What is a Central Bank and what is the Bank of England?

What is a Central Bank and what is the Bank of England?

What is a Central Bank and what is the Bank of England?

We are all familiar with high street banks, such as Lloyds, HSBC and so on but what is a Central Bank and how is it different?

What is a Central Bank?

In a nutshell, Central Banks, such as the Bank of England, Federal Reserve and European Central Bank, are financial institutions with responsibility for the supply of money to a nation or group of nations. Other responsibilities of a Central Bank include managing the money within an economy via monetary policy and regulation of financial institutions. Central Banks may or may not be owned by the state in which they operate and may or may not be government departments.

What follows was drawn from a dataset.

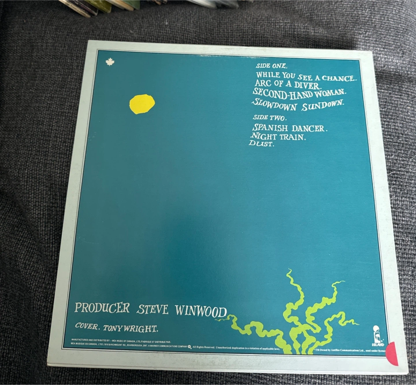 Steve Winwood's 1980 album, Arc of a Diver. Features tracks like 'Spanish Dancer' and 'Slowdown Sundown'. This is a vinyl LP.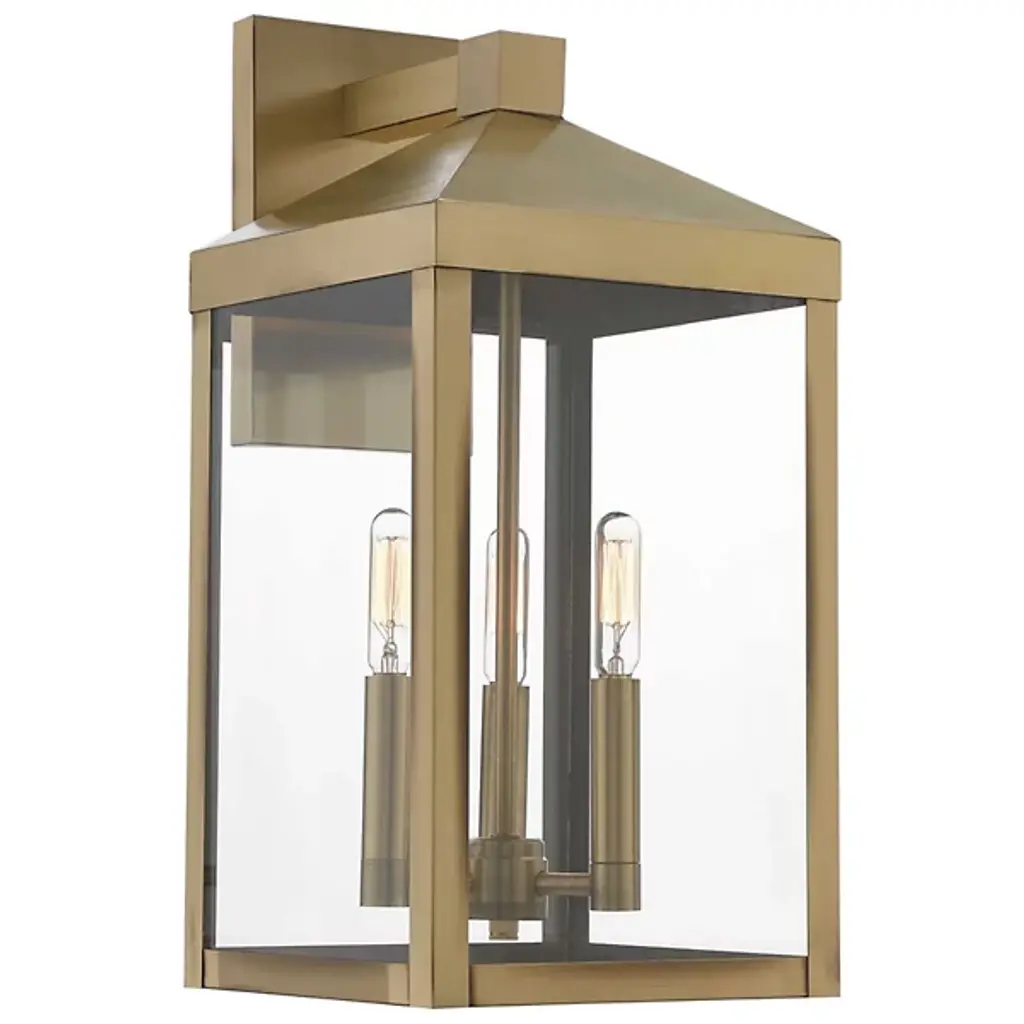 Collection: Princeton, Material: Brass, Finish Color: Antique Brass, Width: 9.5", Height: 15.25", Depth: 5.75", Height From Outlet Box: 7", Backplate Width: 5", Backplate Length: 6", Lamping Type: Incandescent, Number Of Bulbs: 2, Wattage: 60 Watts, Moisture Rating: Dry Rated, Desc: The Princeton collection is a fresh interpretation on the classic English pocket lantern. Hand crafted solid brass, our Princeton fixtures are built for lasting beauty. This outdoor wall light features an antique brass finish and clear glass. This old world charm is built to last. Shade Included: Yes. ,

What is the Bank of England?

Known as “the Old Lady of Threadneedle Street”, the Bank of England (“BoE” or “the Bank”) was originally established in 1694 to raise funds for war with France by issuing ‘Bank Stock’. In excess of 1,200 individuals purchased this ‘Bank Stock’ (shares) and they raised a total of £1.2 million. King William and Queen Mary purchased £10,000 of stock, but many other buyers were everyday working people. As time passed, more money was raised from an increasing number of shareholders, including private banks, and dividends were paid to shareholders from profits. The bank of England also operated as a deposit-taking commercial bank.

In these early years, the Bank of England functioned like a private company does today, with those owning more than £500 of Bank Stock (the equivalent of almost £70,000 in 2021) eligible to vote at Annual General Meetings (AGMS). Those serving as Directors needed to own at least £2,000 of stock (the equivalent of almost £272,000 in 2021) and the Governor needed to own at least £4,000 (the equivalent of almost £450,000 in 2021).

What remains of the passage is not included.